Replication setup is mostly default, except for generation_leveling_threshold option increased to 10000 during problem investigation. It didn't help.

SQL Server 2012 v 11.0.5058.0

Default isolation level is set to READ COMMITTED SNAPSHOT; those inserts/updates are just plain inserts/updates, without isolation level changing or starting explicit transactions.

I can successfully sync servers after work day (when nobody touches DB), it runs OK in 20-30 minutes (transferring whole day data at once) but I need continuous syncing (15-20 minutes delay is OK though).

I googled the problem – there are a lot of guys with merge replication stuck due to a lot of changed data (starting with 1M rows), but nothing similar to my problem.

Best Answer

I personally DO NOT recommend setting up merge replication under such conditions.
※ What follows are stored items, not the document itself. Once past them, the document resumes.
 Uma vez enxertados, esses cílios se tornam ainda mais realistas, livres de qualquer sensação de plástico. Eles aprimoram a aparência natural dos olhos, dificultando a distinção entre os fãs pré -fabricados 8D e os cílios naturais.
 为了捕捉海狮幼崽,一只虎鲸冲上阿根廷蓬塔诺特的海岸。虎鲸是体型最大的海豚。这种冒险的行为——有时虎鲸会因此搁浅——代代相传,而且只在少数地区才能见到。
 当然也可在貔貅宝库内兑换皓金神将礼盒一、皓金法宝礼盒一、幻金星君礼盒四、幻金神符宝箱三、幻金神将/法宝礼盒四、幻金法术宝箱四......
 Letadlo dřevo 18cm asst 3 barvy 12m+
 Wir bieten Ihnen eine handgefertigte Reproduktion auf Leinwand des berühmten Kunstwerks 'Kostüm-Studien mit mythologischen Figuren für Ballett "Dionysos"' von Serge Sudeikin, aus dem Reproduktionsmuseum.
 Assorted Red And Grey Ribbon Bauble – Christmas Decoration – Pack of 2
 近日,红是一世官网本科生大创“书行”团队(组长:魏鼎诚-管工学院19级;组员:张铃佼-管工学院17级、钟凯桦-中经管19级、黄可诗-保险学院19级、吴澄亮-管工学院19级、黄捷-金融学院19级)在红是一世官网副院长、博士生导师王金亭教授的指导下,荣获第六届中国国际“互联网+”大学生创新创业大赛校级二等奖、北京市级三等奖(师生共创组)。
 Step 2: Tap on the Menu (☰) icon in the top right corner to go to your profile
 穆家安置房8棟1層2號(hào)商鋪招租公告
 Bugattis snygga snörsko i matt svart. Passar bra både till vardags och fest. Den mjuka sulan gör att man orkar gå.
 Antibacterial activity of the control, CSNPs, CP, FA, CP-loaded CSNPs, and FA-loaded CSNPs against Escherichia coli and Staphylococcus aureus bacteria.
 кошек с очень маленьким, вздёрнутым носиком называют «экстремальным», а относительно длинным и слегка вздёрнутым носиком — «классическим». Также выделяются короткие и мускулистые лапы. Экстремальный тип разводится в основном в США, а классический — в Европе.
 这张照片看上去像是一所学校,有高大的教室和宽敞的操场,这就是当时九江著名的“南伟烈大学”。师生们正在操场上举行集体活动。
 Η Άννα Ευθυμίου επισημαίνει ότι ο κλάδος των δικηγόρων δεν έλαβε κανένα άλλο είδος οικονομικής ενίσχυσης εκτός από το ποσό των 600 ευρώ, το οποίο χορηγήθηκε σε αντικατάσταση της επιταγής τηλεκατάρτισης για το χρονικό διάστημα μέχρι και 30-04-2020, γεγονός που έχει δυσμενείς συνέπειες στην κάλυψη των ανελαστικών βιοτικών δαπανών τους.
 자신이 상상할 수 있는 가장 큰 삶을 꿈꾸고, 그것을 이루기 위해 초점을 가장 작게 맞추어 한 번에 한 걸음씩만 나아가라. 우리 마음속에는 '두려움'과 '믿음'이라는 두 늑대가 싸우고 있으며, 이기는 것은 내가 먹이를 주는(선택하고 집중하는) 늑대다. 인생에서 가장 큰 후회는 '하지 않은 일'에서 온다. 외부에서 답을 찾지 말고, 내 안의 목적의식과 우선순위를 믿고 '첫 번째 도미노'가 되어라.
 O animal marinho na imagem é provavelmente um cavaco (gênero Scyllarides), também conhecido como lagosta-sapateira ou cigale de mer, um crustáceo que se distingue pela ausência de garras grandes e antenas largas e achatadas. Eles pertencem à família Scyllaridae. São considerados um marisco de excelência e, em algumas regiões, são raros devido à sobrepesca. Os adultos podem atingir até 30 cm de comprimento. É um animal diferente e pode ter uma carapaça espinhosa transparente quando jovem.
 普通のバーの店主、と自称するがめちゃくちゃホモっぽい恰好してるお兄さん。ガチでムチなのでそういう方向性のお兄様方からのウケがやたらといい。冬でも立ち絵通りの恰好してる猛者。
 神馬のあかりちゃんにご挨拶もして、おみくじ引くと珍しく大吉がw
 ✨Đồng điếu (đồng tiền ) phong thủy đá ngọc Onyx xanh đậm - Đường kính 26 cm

But, as there is no way for me (other than make this work or develop my own replication solution), I spent two weeks experimenting and found a solution.

  1. Disable Precompute partitions option on Publication Properties -> Subscription Options -> Filtering window. This makes sp_MSmakegeneration lock only that particular table it's currently working on, not all merge replication affected tables. This option becomes enabled automatically if you have any row filtering. But actually, it's only intended to speed up parameterized filters (not my case). Note: turning this off will invalidate subscriptions; you must re-initialize them with fresh snapshot.
  2. Create simple job with exec dbo.sp_MSmakegeneration command and schedule it every 1 minute. Normally, it called as part of synchronization process to enumerate local changes. But, if you skip calling it for 10-15 minutes (it means 20-30k changed/inserted rows in my case), the next synchronization calling it will block all client inserts/updates into replicated table; also, there is chances you will catch deadlock during its execution, making it impossible to run it successfully until server load is reduced. This, ofcourse, depends on your particular table indexes and usage.
  3. Schedule your synchronization jobs to run frequently. I personally set it to run each 3 minutes. This reduces sync delay to 5-10 minutes. Strictly speaking, this is not mandatory, but syncing a lot of changes is quite a heavy load itself, so its easier for server to sync smaller parts.

Using this, I am able to successfully sync 3 servers, with 3-10k inserts/updates per minute on each during workday with no major delays.